All Tim (Ed Oxenbould, The Visit) wants to find in his tiny Canadian provincial town is someone that appreciates art films as much as he does.  Sadly, this is a time when all kids his age wanted was their MTV and the town was more focused on celebrating what they are known for, the white squirrel.  With his mother (Jennifer Irwin, The Mortuary Collection) focused on putting together the annual parade to celebrate the mascot and his shop-owner father (Paul Braunstein, Jigsaw) concerned with the economic downturn closing a number of family-run businesses, Tim is largely on his own and fending for himself in a sea of sameness.

Then, his French teacher tells the class about the foreign exchange program and Tim has an idea.  Why not host a French student and import some culture not just into his life, but his stagnant family dynamic as well?  Not only would it benefit him, but it could help in other ways.  In short order, the papers are filled out and the big day comes and that’s when Tim is in for a culture shock he couldn’t have anticipated. Instead of a well-behaved, cultured Frenchman, Tim is matched with Stéphane (Avan Jogia, Shaft), a ribald and free-thinking ball of energy that isn’t anything what Tim expected, but turns out to be precisely what he needs. 

It shouldn’t be too hard to predict the direction The Exchange is headed from the start, but credit is given to Long and director Dan Mazer for taking a sunny scenic route to get to their final destination.  By spending some time in getting to know more about Tim and Stéphane, we get to see why each has something to offer the other and how their shared experience winds up being beneficial.  That’s also helped by the strong casting of Oxenbould and especially Jogia in the trickier than it looks Frenchman-out-of-water in a town that initially accepts him only to turn their back when he’s suspected of a crime he might not have committed.  That Stéphane is from a mixed background introduces some race politics in that Hughes wouldn’t have attempted in his day but Long handles it with a light touch, not letting things get too out of hand before drawing the comedy back into the events.

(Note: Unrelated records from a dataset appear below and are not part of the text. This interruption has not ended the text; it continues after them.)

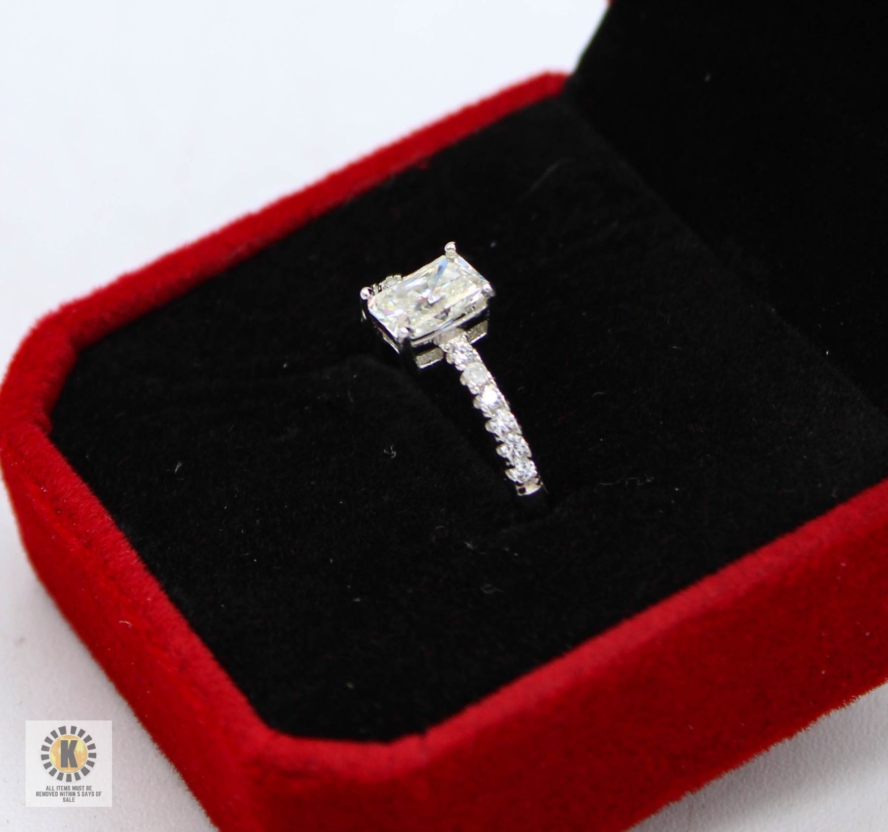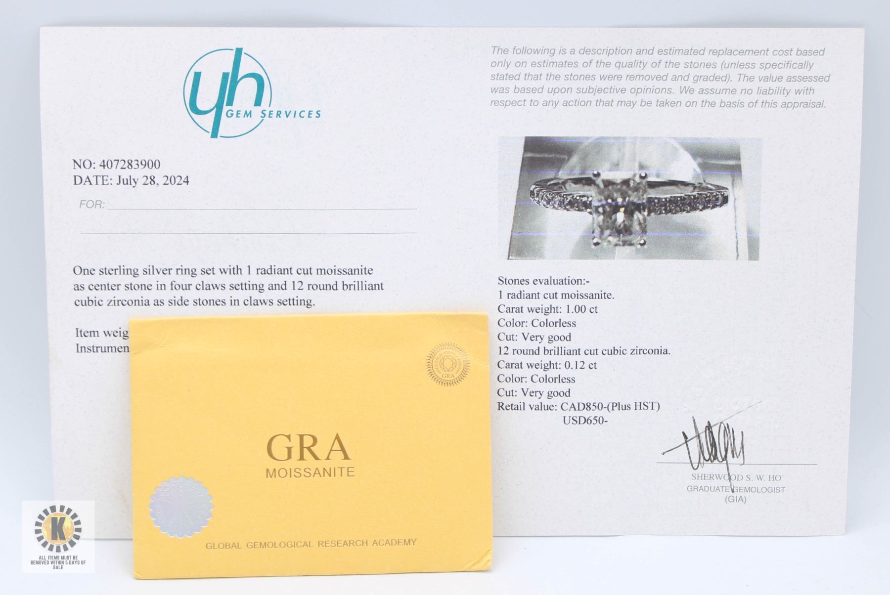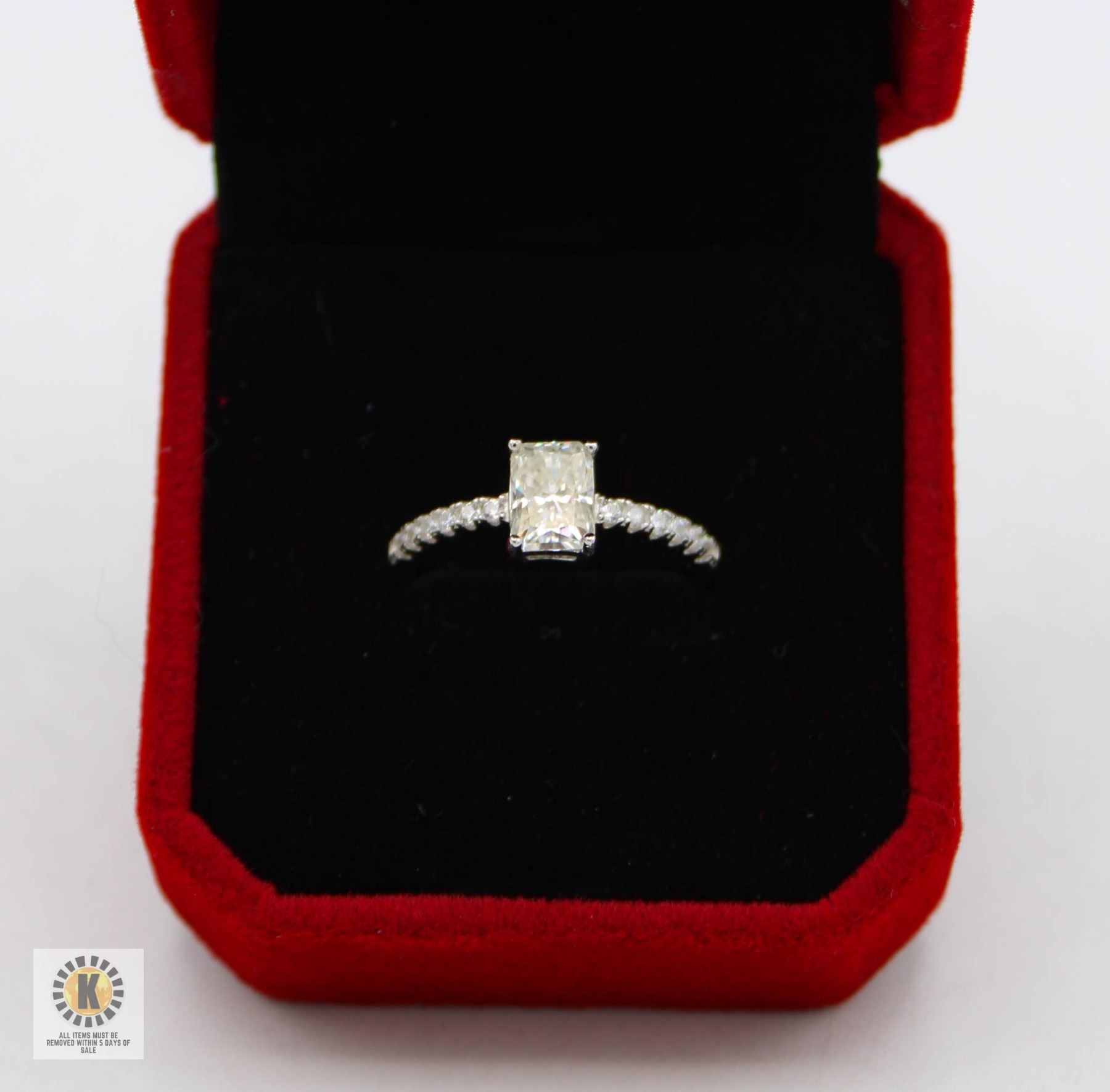 MOISSANITE STONE VVS D COLOR SET WITH 12 ROUND BRILLIANT CUT CUBIC ZIRCONIA?S SET IN SHANKS SET IN 925 SILVER RING SIZE 7 RETAIL VALUE $850.00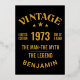 40th Birthday, any year Birthday for him. Double sided. Vintage, limited edition, one of kind, born in 1973, the man, the mith, the legend, any name. Foil on black background.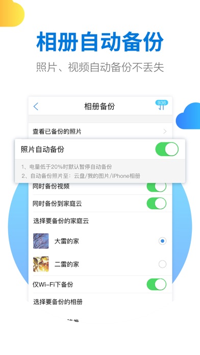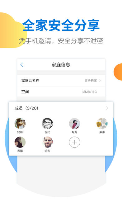 家庭云是中国电信面向家庭用户推出的家庭共享云存储服务,让你与家人拍摄的照片和视频安全的保存在一起,在轻松分享的同时,将美好的时光珍藏。 1)一个家庭一片云,远在老家的父母也能随时看到你照片和视频,让爱无距离 2)孩子成长的印记可以留在家庭云中,让全家人共享孩子的成长趣闻 3)支持多达20位家庭成员,让你的大家庭轻松共享 4)2TB(2048G)超大空间,相当200台16G手机的存储空间,可存20万首歌曲、200万张高清照片 5)家人的照片、视频均可保存到这里,国家队,妥妥的 6)中国电信IPTV电视也可看家庭云里的照片和视频,大屏体验,更爽 7)中国电信宽带用户通过营业厅和10000号办理家庭云乐享包业务,即可开通 8)如有问题,请加QQ群反映(253637436),客服妹纸热情为您服务哦~ 您也可以电话联系10000号,我们随时准备为您解答。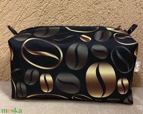 CoffeeChic – fekete-arany kávészem-mintás sminktáska/neszesszer
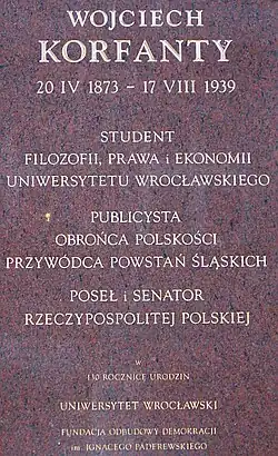 - ↑ ORZECHOWSKI, Marian. Wojciech Korfanty: biografia polityczna. [s.l.]: Zakład Narodowy im. Ossolińskich, 1975. Dostupné online. S. 39. (Polish)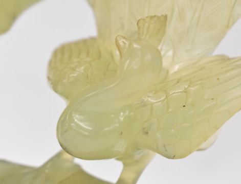 Chinese carved jadeite or similar bird group, on stand, H20cm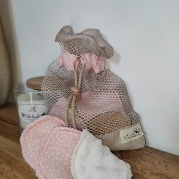 Cet ensemble de lingettes lavables et leur filet de lavage assorti a été confectionné sur commande pour une cliente souhaitant adopter une alternative durable et élégante aux produits jetables du quotidien.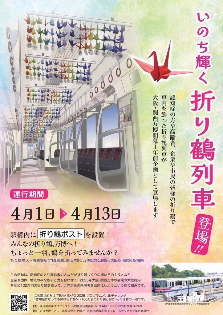 ゆめ伴(とも)プロジェクトin 門真実行委員会が取り組む「TEAM EXPO 2025」プログラム/共創チャレンジ「認知症になっても輝けるまちへ~100万羽の折り鶴と伴に~」を広く社会に発信することで、大阪モノレールにご乗車される多様な方々に大阪・関西万博のテーマである「いのち輝く未来社会のデザイン」を体感していただき、その理解と共感を深めてもらうため、企画したものです。
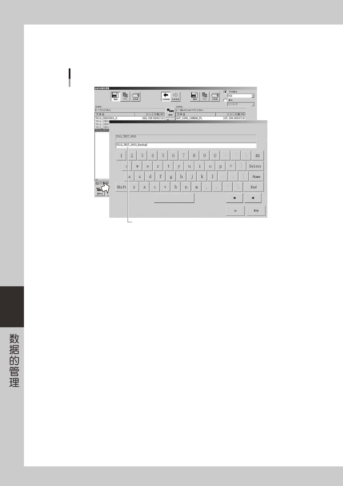 按左下方的 [ 重命名 ] 按钮后,显示键盘对话框。输入新的基板名后,按 [OK] 按钮。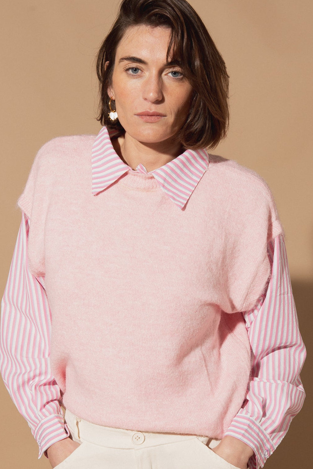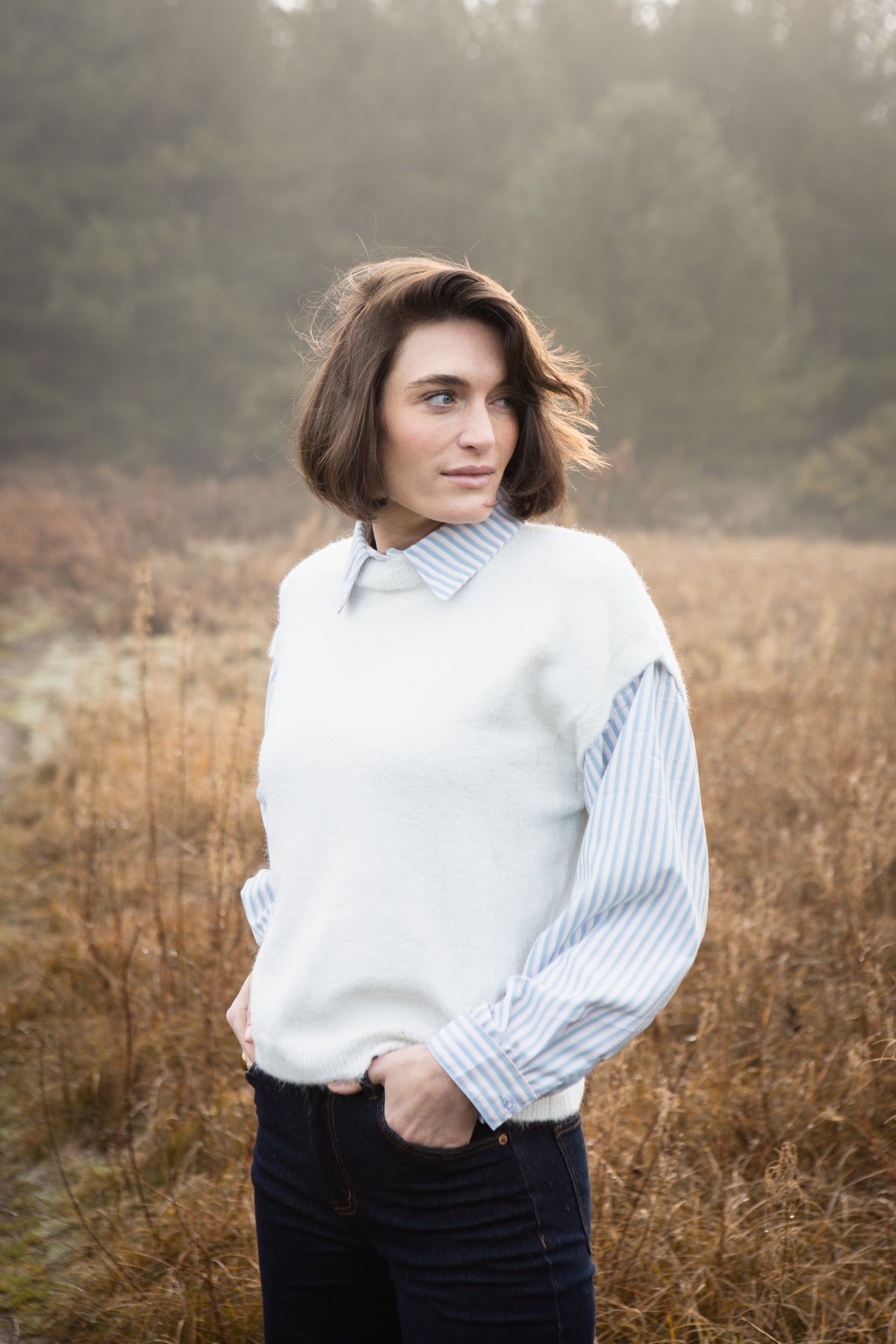 Achieve the perfectly layered look without any of the added bulk with our Mock Shirt Sweater Vest. Combining the cosy texture of a knit vest with the crisp polish of a classic button-down, this piece is your shortcut to an effortless, preppy-chic aesthetic.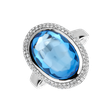 If you're looking for a statement of true sophistication, this 18ct white gold sky topaz diamond ring is both the image and assurance of eternal sparkle and flawless brilliance. The jewelry is part of the Blossoms collection.

Aside from the two leads, the ever-dependable Irwin is on hand for the typical mom advice but also on a tiny journey of her own as well.  That there was time to fit that in during this 93-minute movie mostly focused on the typical bit of raunchy bit of teen romp business was nice to see as well.  An arrogant gym coach played by Justin Hartley (A Bad Moms Christmas) might have been good for some cheap laughs but it’s the one character played so arch it felt like a sketch creation rather than the real people the other actors were going for.  Hartley’s reach is admirable, but it doesn’t fit in with the rest of the company.  I also thought Jayli Wolf’s eccentric sorta-love interest for Tim was oddball fun as well – it’s definitely a character Hughes would have dotted on his periphery of a high school dance scene and used for a laugh or three.

A rather unexpected surprise (I nearly passed on screening this and am glad I didn’t), The Exchange is a nice retro throwback to the teen classics we love to revisit from the ‘80s…and it doesn’t need to resort to raunch or extremes to find its funny.  By keeping things genuine, it remains endearing. I think it’s c’est bon.